Hormonal treatment increases the response of the reward system at the menopause transition: a counterbalanced randomized placebo-controlled fMRI study.

Preclinical research using rodent models demonstrated that estrogens play neuroprotective effects if they are administered during a critical period near the time of cessation of ovarian function. In women, a number of controversial epidemiological studies reported that a neuroprotective effect of estradiol may be obtained on cognition and mood-related disorders if hormone therapy (HT) begins early at the beginning of menopause. Yet, little is known about the modulatory effects of early HT administration on brain activation near menopause.

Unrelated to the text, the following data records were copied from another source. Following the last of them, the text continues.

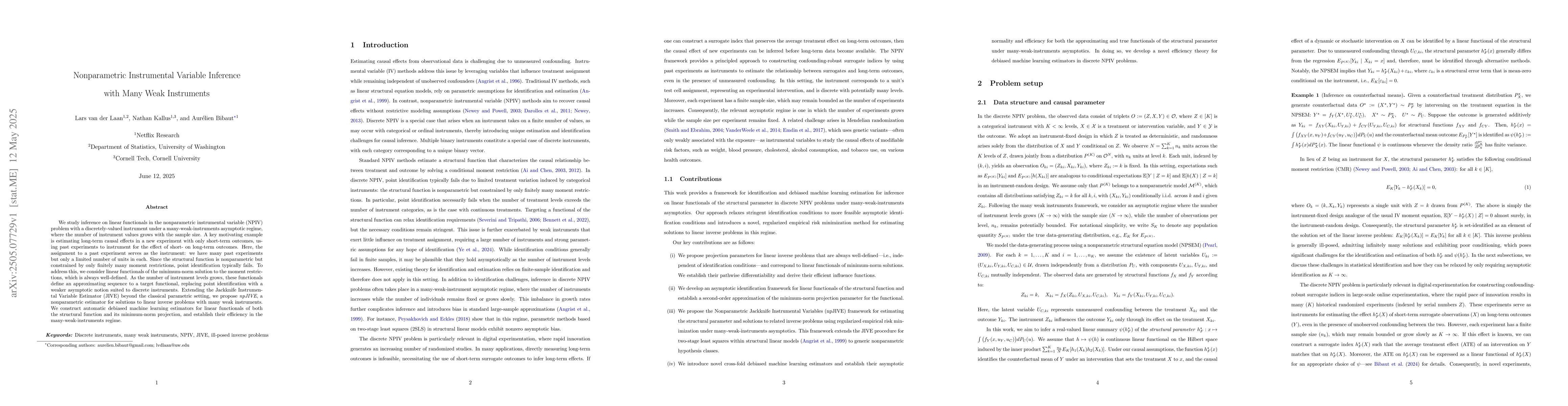 We study inference on linear functionals in the nonparametric instrumental variable (NPIV) problem with a discretely-valued instrument under a many-weak-instruments asymptotic regime, where the number of instrument values grows with the sample size. A key motivating example is estimating long-term causal effects in a new experiment with only short-term outcomes, using past experiments to instrument for the effect of short- on long-term outcomes. Here, the assignment to a past experiment serves as the instrument: we have many past experiments but only a limited number of units in each. Since the structural function is nonparametric but constrained by only finitely many moment restrictions, point identification typically fails. To address this, we consider linear functionals of the minimum-norm solution to the moment restrictions, which is always well-defined. As the number of instrument levels grows, these functionals define an approximating sequence to a target functional, replacing point identification with a weaker asymptotic notion suited to discrete instruments. Extending the Jackknife Instrumental Variable Estimator (JIVE) beyond the classical parametric setting, we propose npJIVE, a nonparametric estimator for solutions to linear inverse problems with many weak instruments. We construct automatic debiased machine learning estimators for linear functionals of both the structural function and its minimum-norm projection, and establish their efficiency in the many-weak-instruments regime.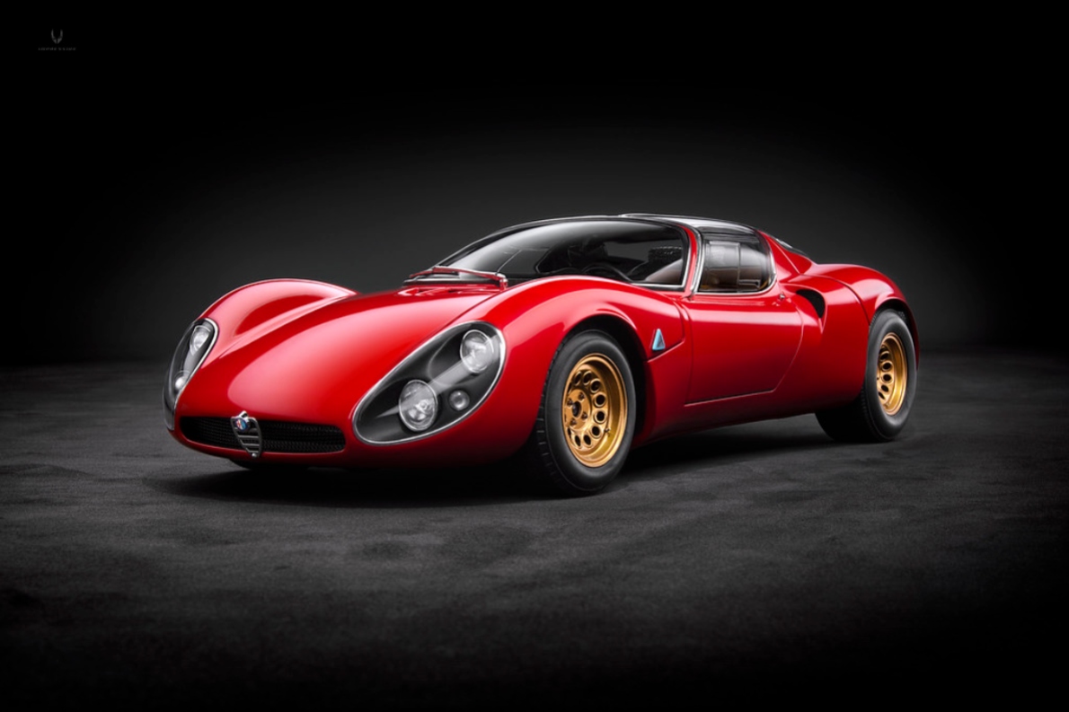 Η έκδοση δρόμου της αγωνιστικής Tipo 33 της Autodelta, με αλουμινένιο αμάξωμα σε σχέδιο του Franco Scaglione, 2λιτρο V8, 230 άλογα και 6άρι κιβώτιο (όπως στην αγωνιστική 33) κατασκευάστηκε, στην Carrozzerria Marazzi του Μιλάνο, για να κάνει, υποτίθεται, την αγωνιστική τεχνογνωσία της Alfa Romeo «προσιτή» στο κοινό. Εντάξει, μπαίνεις μέσα με κόκκαλο (για να βγεις με εξολκέα), αλλά θα την αγόραζες, λέμε τώρα, μόνο και μόνο για να τη βλέπεις.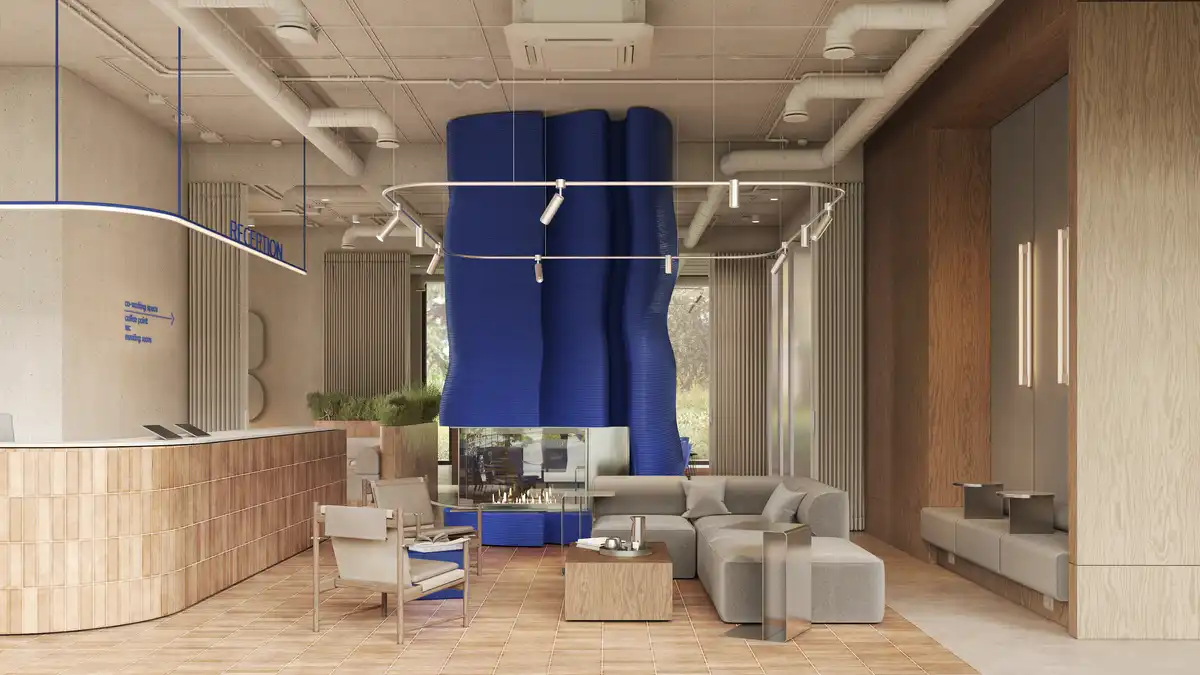 Tính linh hoạt và đa chức năng là cốt lõi của ý tưởng thiết kế. Cách bố trí nội thất được tổ chức để hỗ trợ quá trình chuyển đổi liên tục: các khu vực cộng tác mở có thể dễ dàng chuyển sang dạng sự kiện hoặc bài giảng, các phòng họp có quy mô khác nhau và các khu vực tiếp khách chuyển đổi liền mạch giữa công việc không chính thức và tương tác xã hội. Hệ thống nội thất mô-đun, vách ngăn di động và vách ngăn bằng vải mềm cho phép không gian thích ứng với các tình huống khác nhau trong ngày – từ công việc tập trung của cá nhân đến các cuộc tụ họp cộng đồng lớn.
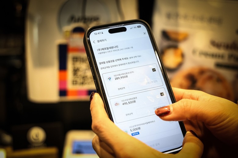 | ▲ 구로구 한 카페에서 주민이 모바일 애플리케이션을 통해 ‘구로사랑상품권’으로 결제하고 있다. |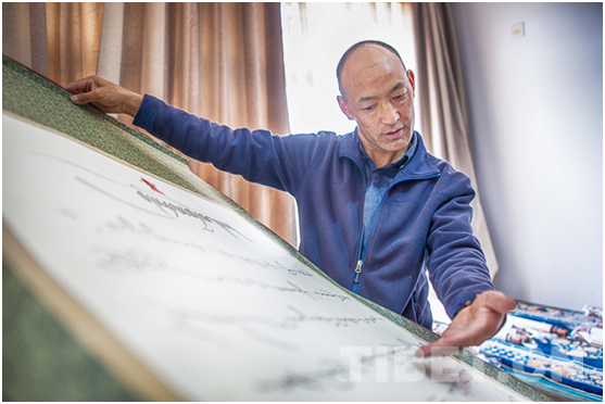 每项工作的出色完成,靠的不仅仅是久米次成严谨的工作态度,还依赖于他深厚的文化功底。毕业于北京中国藏语系高级佛学院的他,精通藏梵文,酷爱书法。作为西藏书法家协会副主席的久米次成,其藏梵文书法在各地市珍藏达数百幅,先后荣获全国和西藏的多种奖项。为了更好地传承和弘扬藏文化,久米次成开始免费义务收徒教授藏文书法,到目前为止,已经有600多名学生,遍布西藏各地,有的学生已经成长为老师,开始了自己的藏文化传承之路。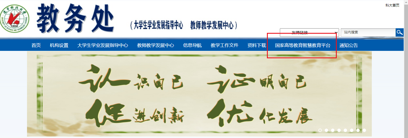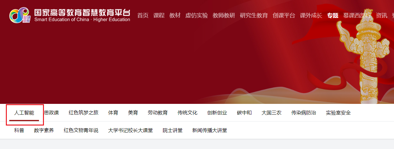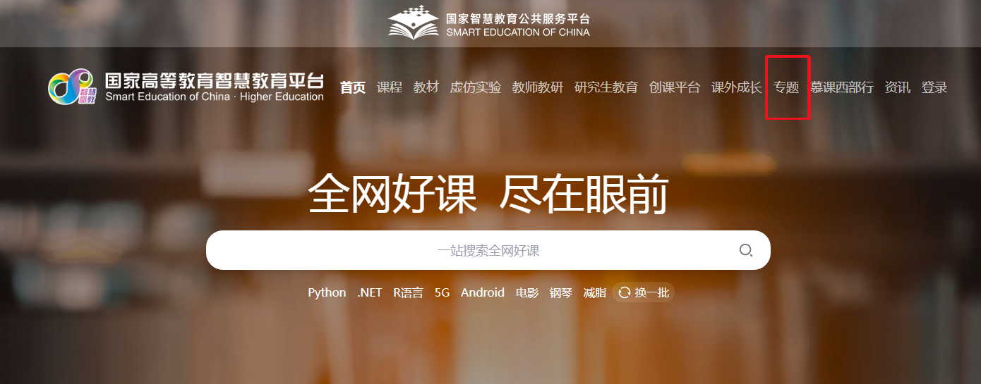 第一步,登錄國家高等教育智慧教育平臺,并點擊“專題”,地址為:https://higher.smartedu.cn///higher.smartedu.cn/,或通過學校教務處主頁跳轉鏈接。

Here, we investigated whether HT, initiated early during the menopause transition, increases the response of the reward system, a key brain circuit involved in motivation and hedonic behavior. We used fMRI and a counterbalanced, double-blind, randomized and crossover placebo-controlled design to investigate whether sequential 17β-estradiol plus oral progesterone modulate reward-related brain activity. Each woman was scanned twice while presented with images of slot machines, once after receiving HT and once under placebo. The fMRI results demonstrate that HT, relative to placebo, increased the response of the striatum and ventromedial prefrontal cortex, two areas that have been shown to be respectively involved during reward anticipation and at the time of reward delivery. Our neuroimaging results bridge the gap between animal studies and human epidemiological studies of HT on cognition. These findings establish a neurobiological foundation for understanding the neurofunctional impact of early HT initiation on reward processing at the menopause transition.